● **What is needed**
While you copy the lines below, skip the pictures and keep the rest exact.

● **Given records**

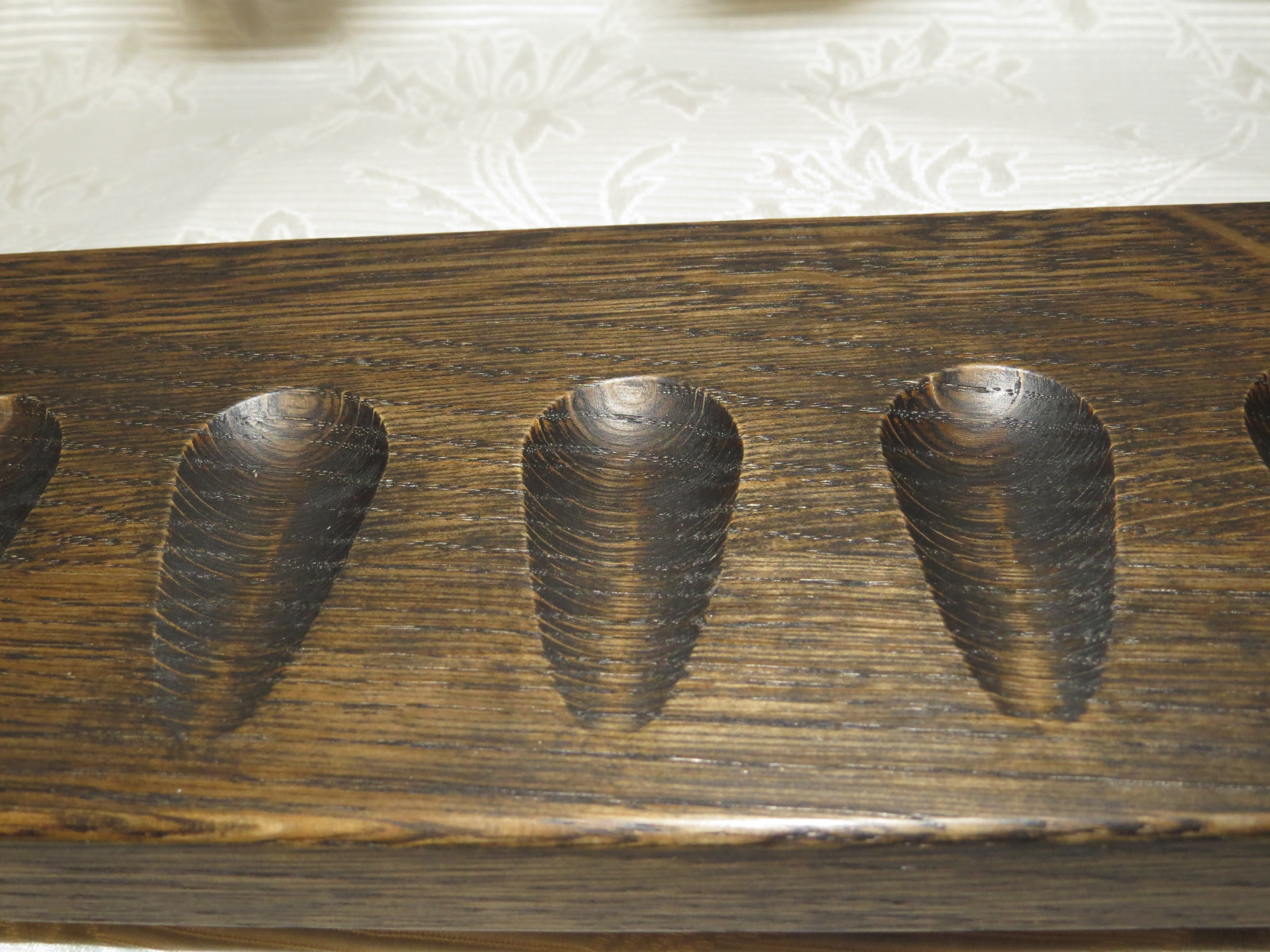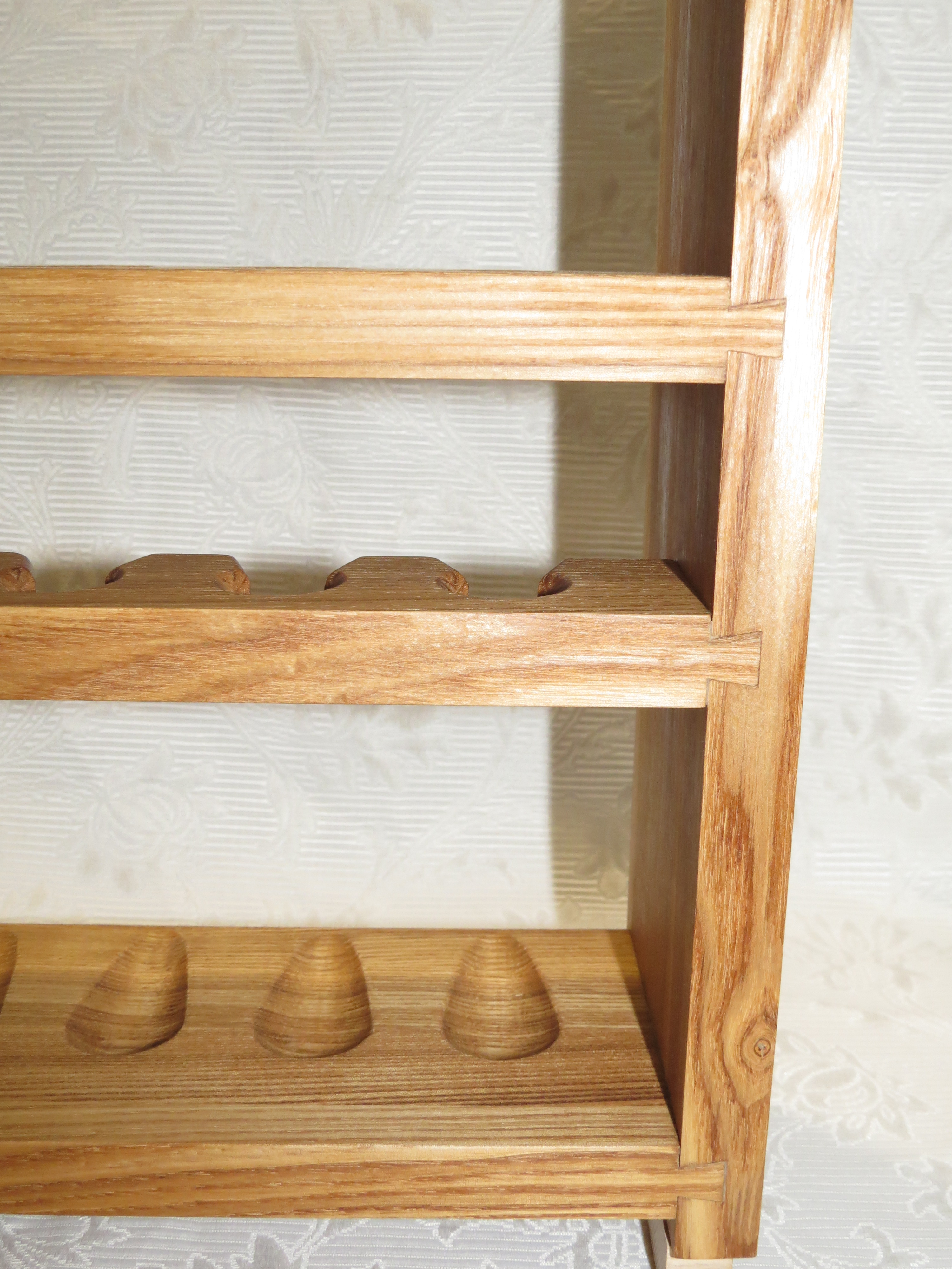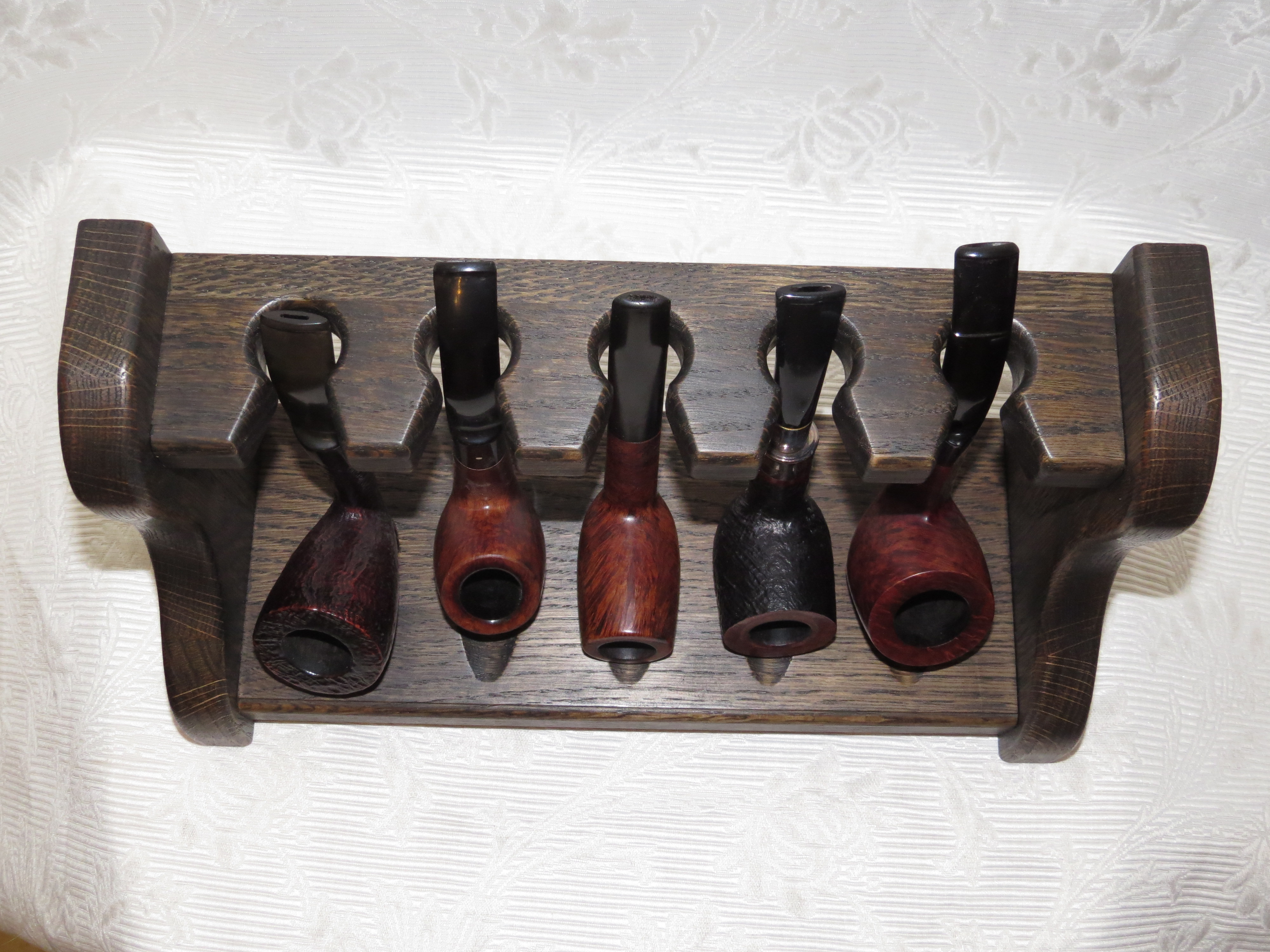 ![]() Как только разместил в ней трубки, сел изучать матчасть по столярному делу! Полка хоть и рабочая вышла, но я хотел уже другого… В течении нескольких лет, как только находил свободное от работы и семьи время, я пробовал и пробовал делать новые полки. Хотелось найти идеальные (в моем понимании) формы посадочных мест и держателей, а также экспериментировал с материалами и финишной обработкой поверхностей. Конечно, за это время прикупил разного инструмента и оборудовал мастерскую (фото 16-го года). ![]() Лишь в 2019 году, когда появилось больше времени, стало что-то получаться. В 2020 году я решил, что мои работы уже можно показывать, предлагать и дело сдвинулось! Первый шкаф был представлен коллегам-трубокурам. ![]() Я и сегодня в постоянном поиске нового и совершенствовании старого, думаю, этот процесс остановить будет трудно. Посадочные местаБольшой победой для меня стало, что были найдены нужные формы посадочных мест и расположение держателя мундштука относительно посадочного места для чаши. Также окончательно определился с расстоянием между трубками. Нужен был оптимальный вариант, подходящий практически для любой трубки, некая «золотая середина», и она нашлась! Посадочное место для чаши в виде «капли» позволяет не только поставить трубку разных размеров, но и создаёт уклон к задней стенке. Держатель мундштука сделан в виде «замочной скважины». Мундштук в неё заводится боком, а потом разворачивается. Эта форма практически исключает случайное падение трубки. Даже если мундштук и проходит без разворота в посадочное место, то «разорванное кольцо» также снижает вероятность, что трубка выскочит с места. Конечно, идеально делать персонально под каждого трубокура! Ведь нюансов много – массивные чаши, широкие или наоборот очень узкие мундштуки, высота носогреек и черчварденов… Но для большинства трубокуров подойдет стандартная полка. Там сможет разместиться трубка от 105 мм до 170 мм (если многоярусная полка). В однорядных полках встают и более длинные трубки (кроме черчварденов). Максимальная ширина мундштука 22 мм – этого более чем достаточно. У меня, например, всего одна трубка из сотни имеет мундштук 23 мм. Соединения и сборкаВ основном использую «ласточкин хвост», как самое прочное и надежное соединение. В отличии от простого прямого паза, «ЛХ» без клея плотно держит конструкцию и, конечно, гораздо бóльшая поверхность склеивания, что повышает прочность. В некоторых случаях собираю «в четверть», но делаю её скрытной для фасадной части. Ведь кроме прочности, нужна и эстетика! Такое соединение также имеет большую площадь склеивания. Для дверей шкафа я использую фигурную рамочную фрезу для соединения. Это соединение является и эстетически красивым, и высоконадежным. При сборке использую клей KLEIBERIT 501.0, он категории D4 – устойчив к перепадам температур и влажности. О нем очень хорошо отзываются мастера и меня ни разу он не подводил. Важные мелочиМелочи, на которые скорей всего мало кто обратит внимание – подбор рисунка древесины. Это касается и боковин, и самих полочек, и дверей шкафа. Чаще всего продумываю это ещё на стадии раскладки деталей на щит, чтобы при распиле потом получать желаемый результат. На фото ниже видно, что из 4-х пар у крайней правой не очень похожие рисунки колец, хотя и не радикально. Не всегда удается подобрать парные ри
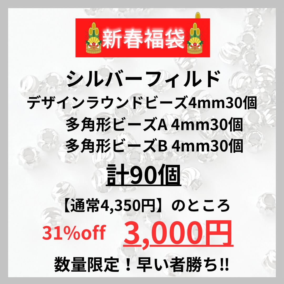 数量限定5点 !! 新年福袋 2026 大特価 シルバーフィルド デザインビーズ 4mm 3種 各30 計90個 ビーズ
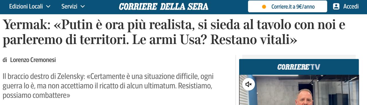 "Зеленский ясно дал понять: все территориальные вопросы будут обсуждаться на его двусторонней встрече с Путиным; более того, переговоры должны начинаться с нынешней линии фронта, и в любом случае мы не откажемся от наших национальных территорий. Мы признаем ситуацию, сложившуюся войной, и хотим её обсудить. В данный момент не намерены уступать ни одну часть нашей земли. Но сегодня мы реалисты и знаем, что агрессор оккупировал некоторые регионы, и пока мы не можем освободить их с помощью оружия", – сказал Ермак.
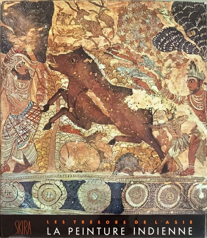 Genève, Éditions d'Art Albert Skira, 1963 ; in-4 carré, 216 pp., reliure d'éditeur pleine toile jaune d'or, sous jaquette illustrée et emboîtage. Collection “les Trésors de l'Asie” établie et dirigée par Albert Skira. Une histoire de la peinture indienne du IIème siècle au XIXème siècle. De la peinture murale à l'influence islamique jusqu'à l'arrivée au pouvoir des Moghols. L'influence de la Perse, de l'Islam se font aussi largement sentir. Nombreuses illustrations en couleurs collées. Bon état.
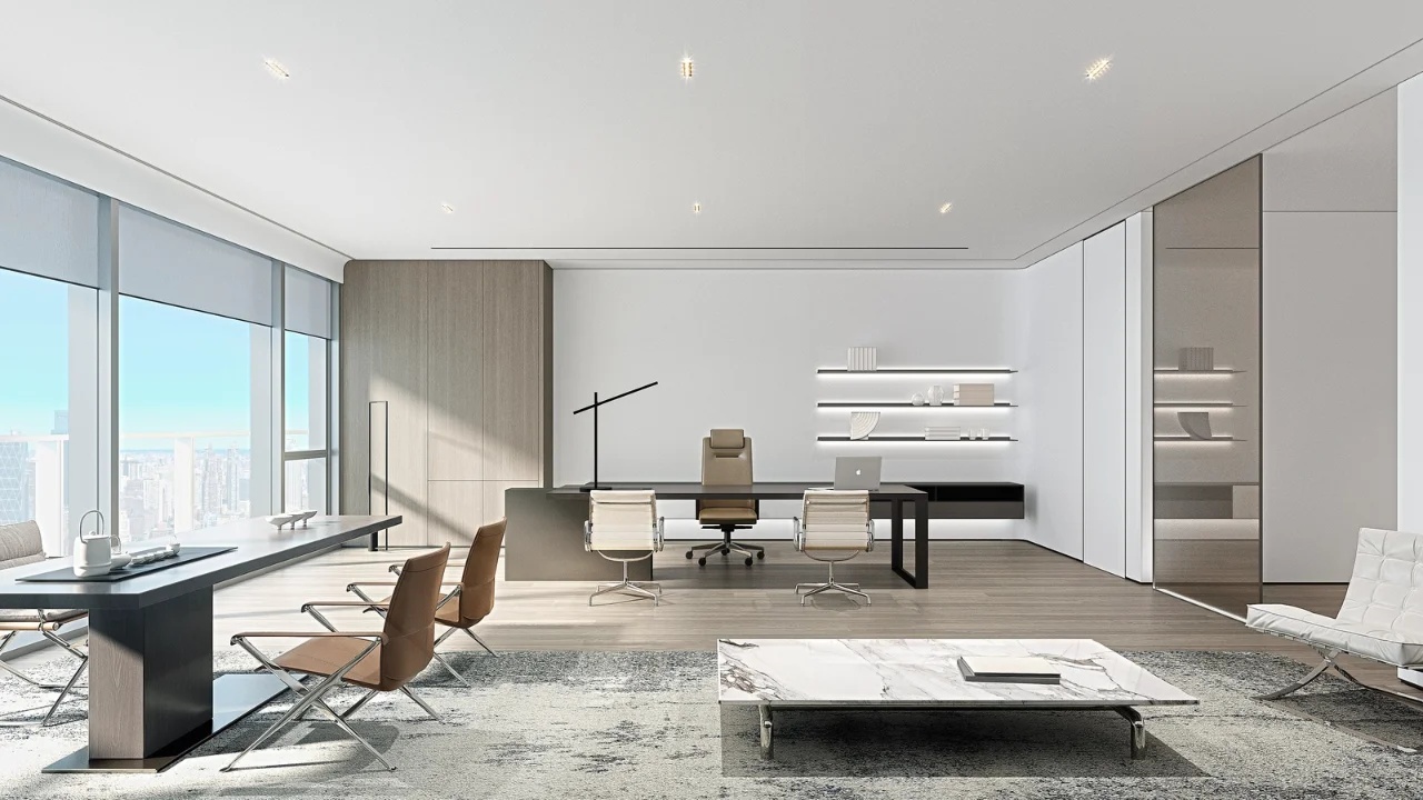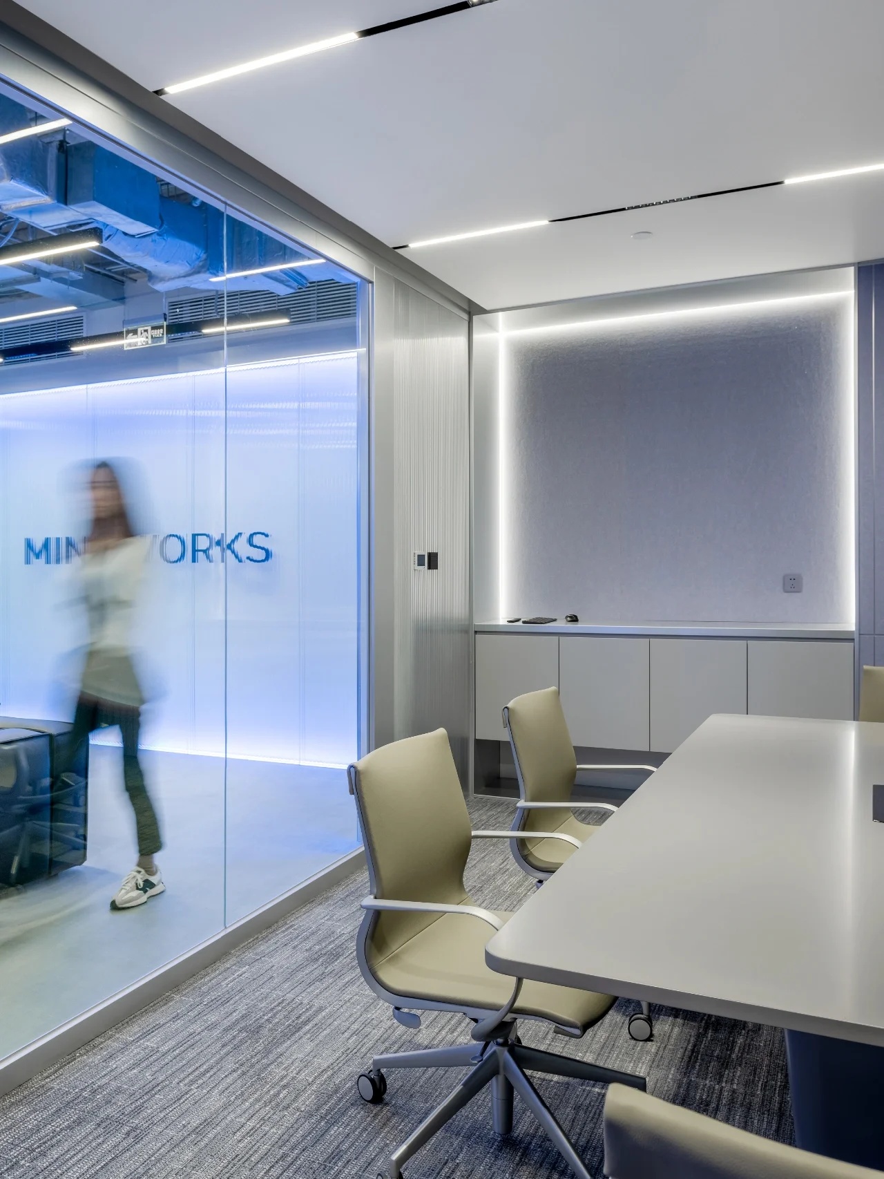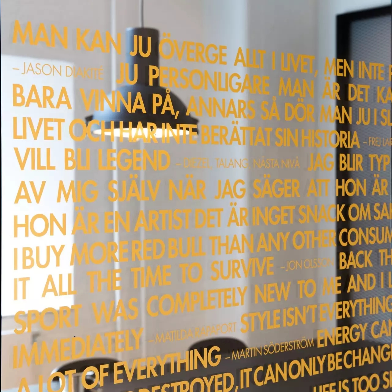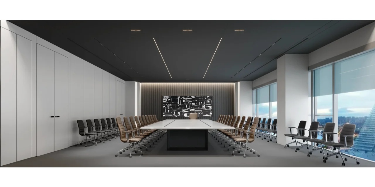 该项目的设计灵感来源于红牛的企业精神和标志,设计师将阳光、菱形、公牛和字体作为主要设计元素。大量的皮革家具代表公牛,圆形家具则寓意着阳光,而带有菱形图案的家具、地毯以及附有字体的丝网印刷玻璃都体现了红牛品牌标识中的菱形元素,为人们营造出一种唯美、和谐的感觉。白色作为室内的背景色,得到大面积运用,时尚且浪漫,不禁让人联想起地处北欧的斯德哥尔摩这里常常是一片冰雪的天地,设计师寻求的正是这样一种天然寂静和唯美浪漫的感觉。整个室内采用褐色作为点缀色,低调优雅。在褐色接待台的上方,醒目地标识着金色的红牛公司LOGO。蓝色和黄色作为互补色,不仅给人带来视觉上的冲击,更是为空间增添了生机与活力。

● **Response area**
 ![]() Как только разместил в ней трубки, сел изучать матчасть по столярному делу! Полка хоть и рабочая вышла, но я хотел уже другого… В течении нескольких лет, как только находил свободное от работы и семьи время, я пробовал и пробовал делать новые полки. Хотелось найти идеальные (в моем понимании) формы посадочных мест и держателей, а также экспериментировал с материалами и финишной обработкой поверхностей. Конечно, за это время прикупил разного инструмента и оборудовал мастерскую (фото 16-го года). ![]() Лишь в 2019 году, когда появилось больше времени, стало что-то получаться. В 2020 году я решил, что мои работы уже можно показывать, предлагать и дело сдвинулось! Первый шкаф был представлен коллегам-трубокурам. ![]() Я и сегодня в постоянном поиске нового и совершенствовании старого, думаю, этот процесс остановить будет трудно. Посадочные местаБольшой победой для меня стало, что были найдены нужные формы посадочных мест и расположение держателя мундштука относительно посадочного места для чаши. Также окончательно определился с расстоянием между трубками. Нужен был оптимальный вариант, подходящий практически для любой трубки, некая «золотая середина», и она нашлась! Посадочное место для чаши в виде «капли» позволяет не только поставить трубку разных размеров, но и создаёт уклон к задней стенке. Держатель мундштука сделан в виде «замочной скважины». Мундштук в неё заводится боком, а потом разворачивается. Эта форма практически исключает случайное падение трубки. Даже если мундштук и проходит без разворота в посадочное место, то «разорванное кольцо» также снижает вероятность, что трубка выскочит с места. Конечно, идеально делать персонально под каждого трубокура! Ведь нюансов много – массивные чаши, широкие или наоборот очень узкие мундштуки, высота носогреек и черчварденов… Но для большинства трубокуров подойдет стандартная полка. Там сможет разместиться трубка от 105 мм до 170 мм (если многоярусная полка). В однорядных полках встают и более длинные трубки (кроме черчварденов). Максимальная ширина мундштука 22 мм – этого более чем достаточно. У меня, например, всего одна трубка из сотни имеет мундштук 23 мм. Соединения и сборкаВ основном использую «ласточкин хвост», как самое прочное и надежное соединение. В отличии от простого прямого паза, «ЛХ» без клея плотно держит конструкцию и, конечно, гораздо бóльшая поверхность склеивания, что повышает прочность. В некоторых случаях собираю «в четверть», но делаю её скрытной для фасадной части. Ведь кроме прочности, нужна и эстетика! Такое соединение также имеет большую площадь склеивания. Для дверей шкафа я использую фигурную рамочную фрезу для соединения. Это соединение является и эстетически красивым, и высоконадежным. При сборке использую клей KLEIBERIT 501.0, он категории D4 – устойчив к перепадам температур и влажности. О нем очень хорошо отзываются мастера и меня ни разу он не подводил. Важные мелочиМелочи, на которые скорей всего мало кто обратит внимание – подбор рисунка древесины. Это касается и боковин, и самих полочек, и дверей шкафа. Чаще всего продумываю это ещё на стадии раскладки деталей на щит, чтобы при распиле потом получать желаемый результат. На фото ниже видно, что из 4-х пар у крайней правой не очень похожие рисунки колец, хотя и не радикально. Не всегда удается подобрать парные ри
 数量限定5点 !! 新年福袋 2026 大特価 シルバーフィルド デザインビーズ 4mm 3種 各30 計90個 ビーズ
 "Зеленский ясно дал понять: все территориальные вопросы будут обсуждаться на его двусторонней встрече с Путиным; более того, переговоры должны начинаться с нынешней линии фронта, и в любом случае мы не откажемся от наших национальных территорий. Мы признаем ситуацию, сложившуюся войной, и хотим её обсудить. В данный момент не намерены уступать ни одну часть нашей земли. Но сегодня мы реалисты и знаем, что агрессор оккупировал некоторые регионы, и пока мы не можем освободить их с помощью оружия", – сказал Ермак.
 Genève, Éditions d'Art Albert Skira, 1963 ; in-4 carré, 216 pp., reliure d'éditeur pleine toile jaune d'or, sous jaquette illustrée et emboîtage. Collection “les Trésors de l'Asie” établie et dirigée par Albert Skira. Une histoire de la peinture indienne du IIème siècle au XIXème siècle. De la peinture murale à l'influence islamique jusqu'à l'arrivée au pouvoir des Moghols. L'influence de la Perse, de l'Islam se font aussi largement sentir. Nombreuses illustrations en couleurs collées. Bon état.
 该项目的设计灵感来源于红牛的企业精神和标志,设计师将阳光、菱形、公牛和字体作为主要设计元素。大量的皮革家具代表公牛,圆形家具则寓意着阳光,而带有菱形图案的家具、地毯以及附有字体的丝网印刷玻璃都体现了红牛品牌标识中的菱形元素,为人们营造出一种唯美、和谐的感觉。白色作为室内的背景色,得到大面积运用,时尚且浪漫,不禁让人联想起地处北欧的斯德哥尔摩这里常常是一片冰雪的天地,设计师寻求的正是这样一种天然寂静和唯美浪漫的感觉。整个室内采用褐色作为点缀色,低调优雅。在褐色接待台的上方,醒目地标识着金色的红牛公司LOGO。蓝色和黄色作为互补色,不仅给人带来视觉上的冲击,更是为空间增添了生机与活力。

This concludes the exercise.